RECORDED DATA:

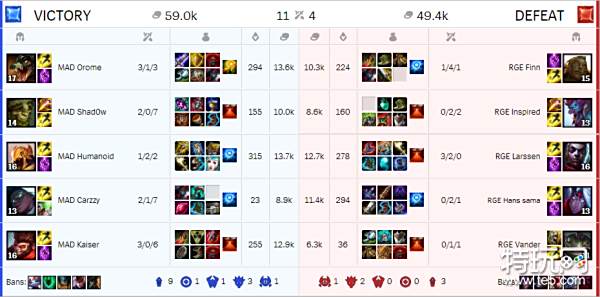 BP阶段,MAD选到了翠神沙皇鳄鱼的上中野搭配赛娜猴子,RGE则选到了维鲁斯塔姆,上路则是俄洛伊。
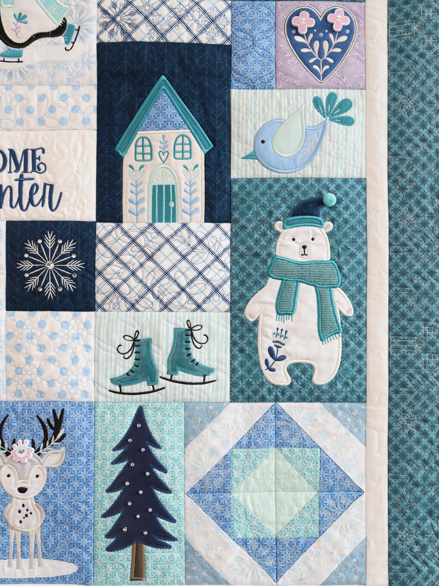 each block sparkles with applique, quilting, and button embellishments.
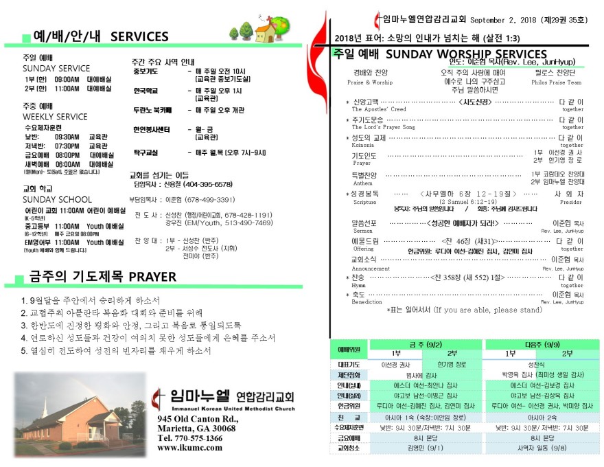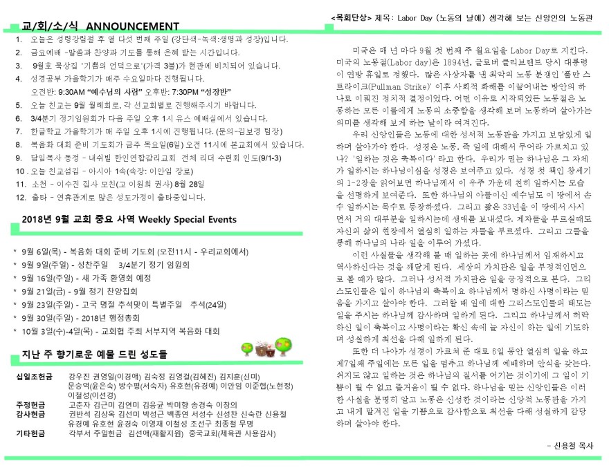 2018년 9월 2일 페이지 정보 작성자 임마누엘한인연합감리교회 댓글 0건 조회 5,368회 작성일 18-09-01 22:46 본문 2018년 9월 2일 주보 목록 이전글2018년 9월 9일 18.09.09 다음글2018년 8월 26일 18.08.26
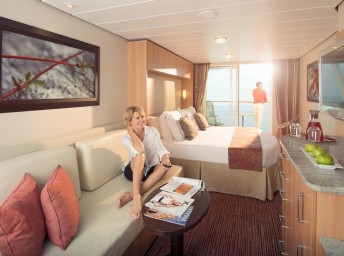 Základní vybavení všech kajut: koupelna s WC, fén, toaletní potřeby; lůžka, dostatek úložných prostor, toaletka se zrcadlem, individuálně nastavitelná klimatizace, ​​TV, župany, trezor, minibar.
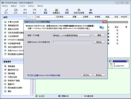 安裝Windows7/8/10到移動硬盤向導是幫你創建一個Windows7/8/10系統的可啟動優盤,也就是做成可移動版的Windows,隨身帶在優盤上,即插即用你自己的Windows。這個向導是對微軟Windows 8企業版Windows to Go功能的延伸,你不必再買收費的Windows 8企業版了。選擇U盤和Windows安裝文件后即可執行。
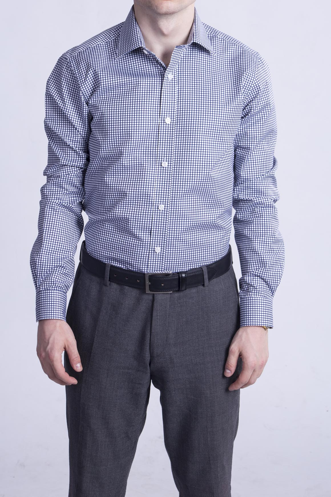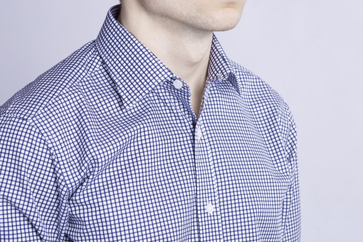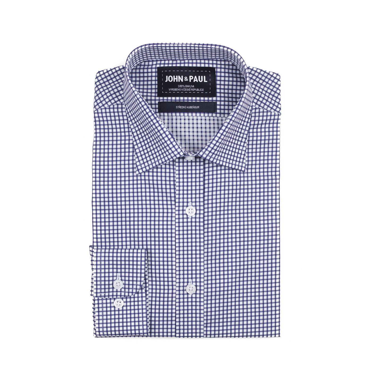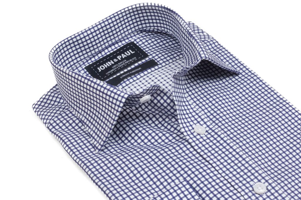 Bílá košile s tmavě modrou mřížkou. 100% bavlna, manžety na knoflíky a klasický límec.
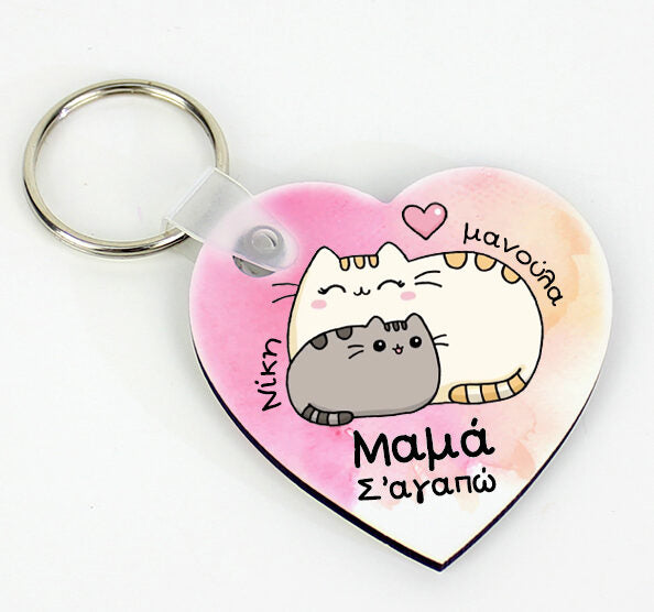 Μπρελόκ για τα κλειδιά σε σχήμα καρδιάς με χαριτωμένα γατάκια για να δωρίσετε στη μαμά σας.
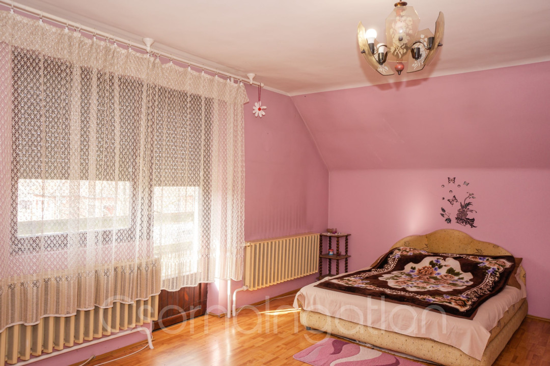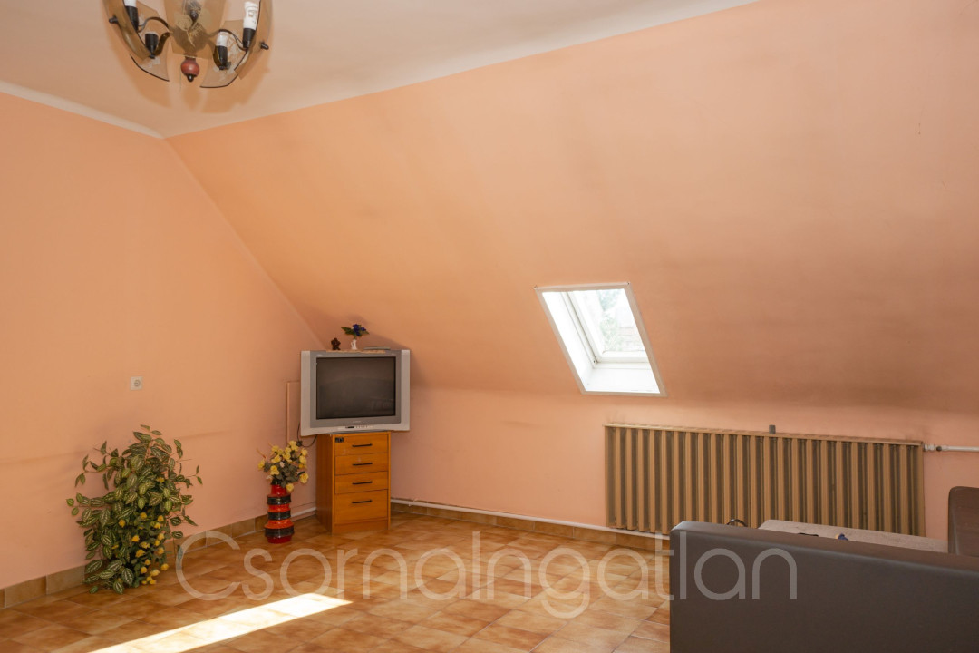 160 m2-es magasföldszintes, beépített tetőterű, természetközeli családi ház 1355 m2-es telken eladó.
* * *
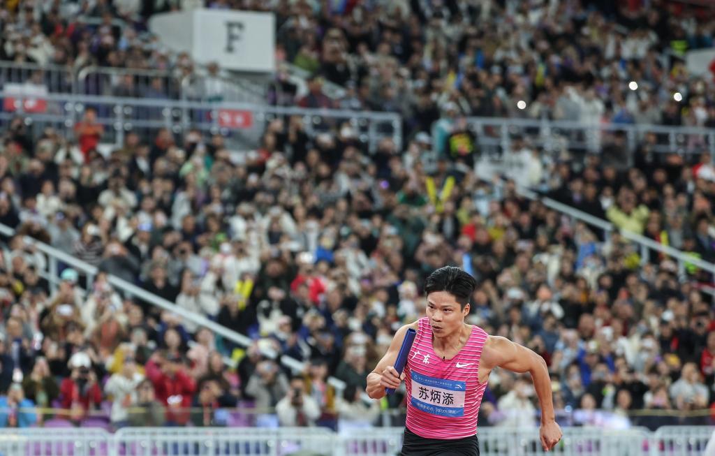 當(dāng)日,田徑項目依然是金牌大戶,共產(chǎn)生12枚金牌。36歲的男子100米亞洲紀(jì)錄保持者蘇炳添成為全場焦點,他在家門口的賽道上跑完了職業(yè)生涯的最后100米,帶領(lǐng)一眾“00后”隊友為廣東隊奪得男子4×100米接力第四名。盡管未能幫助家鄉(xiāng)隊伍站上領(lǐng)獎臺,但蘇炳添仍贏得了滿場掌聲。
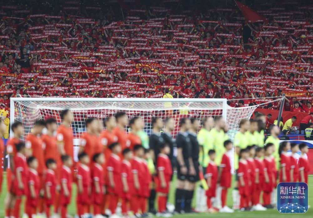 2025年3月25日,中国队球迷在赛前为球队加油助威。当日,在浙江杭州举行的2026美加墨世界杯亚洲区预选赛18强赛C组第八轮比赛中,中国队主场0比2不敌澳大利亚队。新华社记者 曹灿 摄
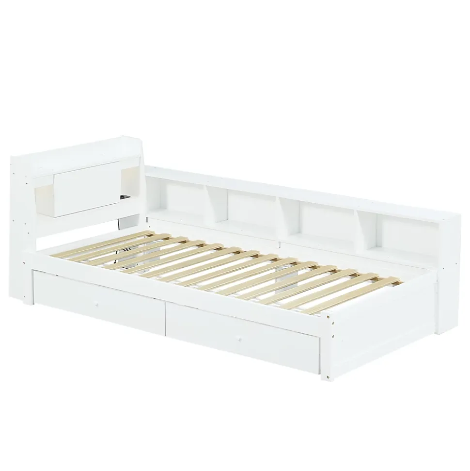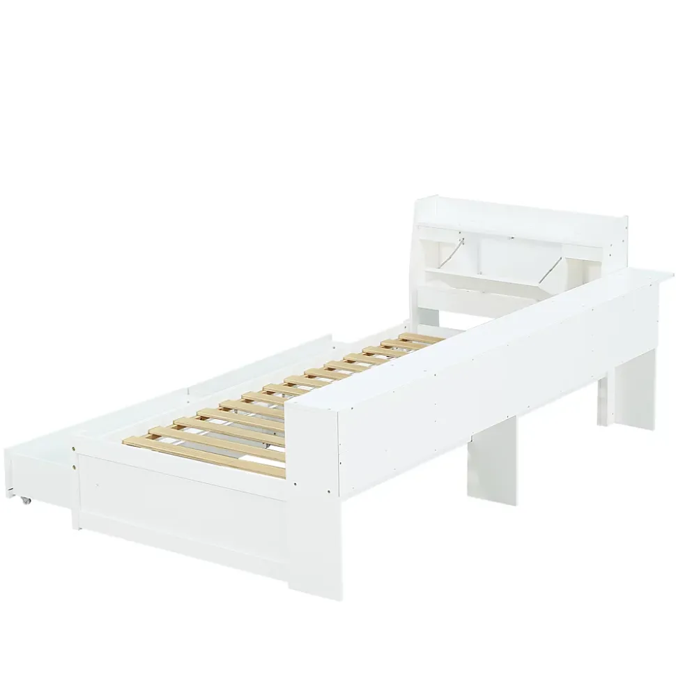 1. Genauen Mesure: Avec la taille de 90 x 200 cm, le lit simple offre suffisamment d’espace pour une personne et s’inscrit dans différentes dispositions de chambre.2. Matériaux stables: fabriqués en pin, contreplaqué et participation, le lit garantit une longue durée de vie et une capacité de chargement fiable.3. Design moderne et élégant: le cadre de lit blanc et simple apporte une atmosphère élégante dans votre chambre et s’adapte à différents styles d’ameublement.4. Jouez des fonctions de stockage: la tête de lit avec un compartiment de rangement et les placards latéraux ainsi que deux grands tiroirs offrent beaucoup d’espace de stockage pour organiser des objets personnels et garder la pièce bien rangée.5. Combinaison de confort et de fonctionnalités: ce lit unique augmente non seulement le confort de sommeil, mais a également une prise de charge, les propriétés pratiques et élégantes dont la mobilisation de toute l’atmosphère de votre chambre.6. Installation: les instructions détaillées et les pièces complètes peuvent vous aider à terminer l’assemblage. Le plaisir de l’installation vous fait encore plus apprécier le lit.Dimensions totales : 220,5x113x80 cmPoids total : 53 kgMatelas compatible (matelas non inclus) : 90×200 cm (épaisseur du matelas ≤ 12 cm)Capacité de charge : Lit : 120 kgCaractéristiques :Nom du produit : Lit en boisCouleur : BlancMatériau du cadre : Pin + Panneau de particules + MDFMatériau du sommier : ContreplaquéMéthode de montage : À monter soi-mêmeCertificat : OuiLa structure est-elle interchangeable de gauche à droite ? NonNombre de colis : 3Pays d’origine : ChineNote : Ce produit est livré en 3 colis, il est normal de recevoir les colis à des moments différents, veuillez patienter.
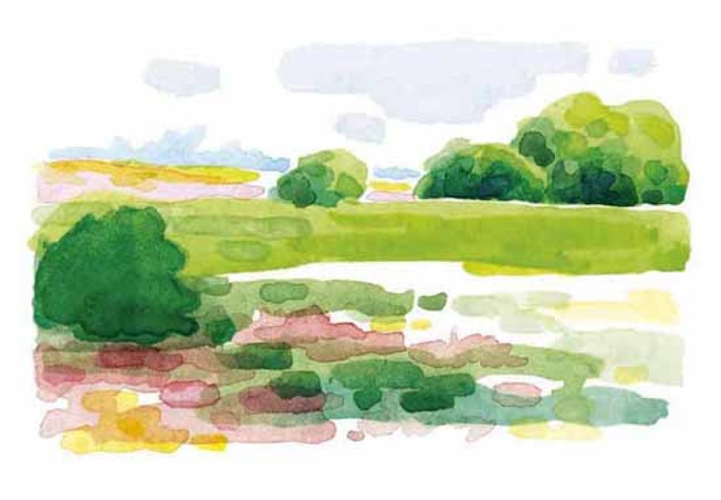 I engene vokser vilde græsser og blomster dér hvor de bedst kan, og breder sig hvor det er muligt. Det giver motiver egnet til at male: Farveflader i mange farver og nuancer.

PROBLEM TO WORK ON: Everything above from the line containing "BP阶段,MAD选到了翠神沙" down to the line containing "160 m2-es magasföldszintes, beépített" is to be duplicated exactly, both lines included, and the pictures are to be omitted.

TASK OUTPUT:
 BP阶段,MAD选到了翠神沙皇鳄鱼的上中野搭配赛娜猴子,RGE则选到了维鲁斯塔姆,上路则是俄洛伊。
 each block sparkles with applique, quilting, and button embellishments.
 2018년 9월 2일 페이지 정보 작성자 임마누엘한인연합감리교회 댓글 0건 조회 5,368회 작성일 18-09-01 22:46 본문 2018년 9월 2일 주보 목록 이전글2018년 9월 9일 18.09.09 다음글2018년 8월 26일 18.08.26
 Základní vybavení všech kajut: koupelna s WC, fén, toaletní potřeby; lůžka, dostatek úložných prostor, toaletka se zrcadlem, individuálně nastavitelná klimatizace, ​​TV, župany, trezor, minibar.
 安裝Windows7/8/10到移動硬盤向導是幫你創建一個Windows7/8/10系統的可啟動優盤,也就是做成可移動版的Windows,隨身帶在優盤上,即插即用你自己的Windows。這個向導是對微軟Windows 8企業版Windows to Go功能的延伸,你不必再買收費的Windows 8企業版了。選擇U盤和Windows安裝文件后即可執行。
 Bílá košile s tmavě modrou mřížkou. 100% bavlna, manžety na knoflíky a klasický límec.
 Μπρελόκ για τα κλειδιά σε σχήμα καρδιάς με χαριτωμένα γατάκια για να δωρίσετε στη μαμά σας.
 160 m2-es magasföldszintes, beépített tetőterű, természetközeli családi ház 1355 m2-es telken eladó.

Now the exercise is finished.